Once the component is replaced and re-cabled, the technician returns to the UI and begins the “online” state machine, which safely returns the component into production.
When we reviewed our original automation design, we noticed there would be a lot of work involved in building the various systems needed to implement the automated workflow. To facilitate collaboration, we created ticket items for each component of the system, so multiple engineers could work on the project in parallel.
Automation lessons learned
We used an iterative approach in our planning and execution. We first focused on replacing the line card for one vendor, then moved on to multiple vendors and multiple components. Due to the modular design of the code base and the interacting systems, adding more modules and scaling the code horizontally was easy.
For example, adding a new library that handled fan replacements meant simply creating the code to handle this and ensuring it implemented the above interface. Then it registered itself in the main function.

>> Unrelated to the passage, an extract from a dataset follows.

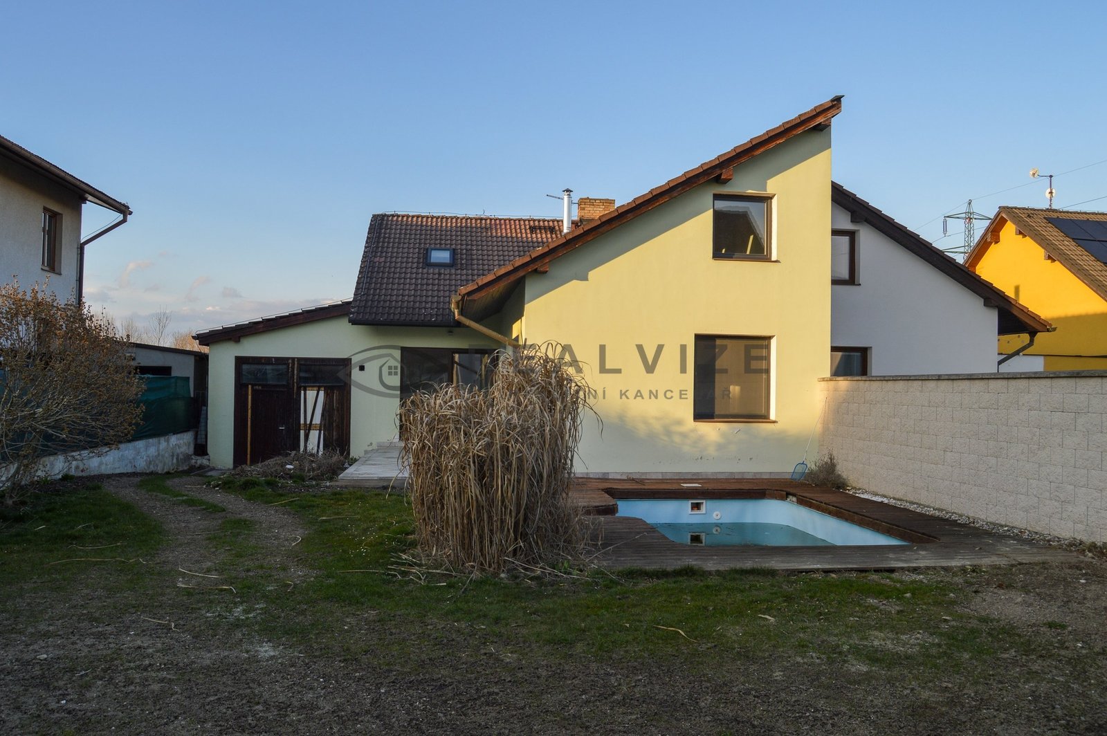 K domu náleží garáž, kterou lze projet z ulice do zahrady, terasa a zapuštěný bazén, ideální pro letní odpočinek.

We had the option to extend or repurpose existing automation systems owned by our software management teams to meet our needs. We had to carefully consider whether to use those systems or build our own, potentially duplicating work if we chose the latter. Ultimately, we built our own automation because the other systems were understaffed. Trying to extend their tools would have disrupted other teams' project work and delayed our own project.
What worked well
Leveraging multiple engineers to automate our internal part of the workflow allowed us to take the project from design to implementation within a short period—about one year.
What didn't
We haven't yet fully automated our hardware replacement workflow. Doing so involves troubleshooting hardware issues with vendors and persuading them that each individual failure merits a device or component replacement. We work around this gap in our automation by keeping spares on site for use with our repair automation, and handling the vendor workflow portion of the process separately and mostly manually through our NOC. We are currently working toward a fully automated vendor interaction with our vendor partners.
Measuring automation success
We can measure the hours our automation saves engineers using Google's production change logging service, which all internal tools use to record changes made to the production environment. The service logs changes made by tools manually invoked by engineers as well as tools that provide end-to-end automation without manual input. Thus we can compare how long each network repair action used to take when performed manually vs. the number of repair actions that are undertaken by today's fully automated system. These two data sets allow us to calculate the total time savings from automation. As shown in Figure 4, network hardware repair automation saves us hundreds of hours every month.
Tips for reducing toil through automation
While strategies for eliminating toil must be tailored to your individual environment and use cases, some approaches are universal. Based upon our own experience eliminating toil by automating network repair tasks, we recommend the following:
Measure your toil.
Tackle the biggest sources of toil first, and don't try to solve all problems at once.
Carefully consider whether to enhance existing tools or build new ones. Even if you can partially repurpose another team's work, would creating a tool from scratch actually make more sense cost- or resource-wise?
Take a design-driven approach. Iterate on the design, starting small and iterating quickly. Don't try to design the perfect approach from the start.
Measure your time savings to determine your return on investment.